The Sambo Art Award is
an award established with the sponsorship of the Sambo Cultural Foundation and
Sambo Motors Co., Ltd. It aims to discover leading artists in the field of fine
art and to support the creative practices of selected artists through financial
awards. As a representative initiative that realizes the value of cultural
patronage through close partnerships between regionally representative
corporations and cultural institutions, the award is built on a ten-year
commitment, serving as a meaningful example of a sustainable culture of
philanthropy.
This exhibition presents an exceptional opportunity to view works by Hong
Yuyoung and Hosu Lee, the recipients of the 2nd Sambo Art Award (2024).
■ Exhibition Rooms 6–7: Hosu Lee
· Exhibition Theme: Space-Time Travel II
· Artist’s Note:
Time is no longer a linear flow or an object of measurement. By diverting the
motion of the pendulum—originally devised to measure time—from its intended
purpose, Lee seeks to contemplate the origin of time, or a state “before time,”

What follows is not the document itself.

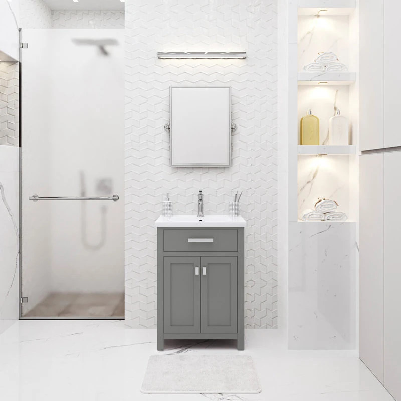 Water Creation 24″ Single Vanity With Double Door Without Faucet, Cashmere Gray

within the nonlinear rhythms produced by repetition and vibration. This
approach constitutes both a philosophical inquiry into sensory forms prior to
experience and an experiment aimed at approaching a pre-conscious temporality
beyond the grasp of awareness.
This exhibition reveals a complex
temporality formed as machines, senses, bodies, and sites traverse and
transgress one another’s boundaries. Lee’s practice, which has explored the
possibilities of sensations that may precede or exist outside human cognitive
frameworks of time, space, and the body, ultimately becomes a thought
experiment that tests “immeasurable time” through a sculptural language. This
exhibition represents the present tense of that thought experiment.
■ Exhibition Rooms 8–9: Hong
Yuyoung
· Exhibition Theme: Silence Between
Structures
· Exhibition Overview: In The Edges of Fiction (2017), Jacques Rancière
discusses William Faulkner’s The Sound and the Fury (1929),
noting how the four distinct narrative voices and their intricately fractured
temporalities do more than merely present different points of view. They reveal
another configuration of the politics of what can be said and what can be made
meaningful—that is, of how speech becomes intelligible. Among the four voices,
Benjy, an intellectually disabled character who “speaks” without speech, is
depicted as one who cannot properly speak in social terms—an existence rendered
as noise. His fragmented noises disrupt the novel’s established narrative
order, generating a new partition and order of the sensible.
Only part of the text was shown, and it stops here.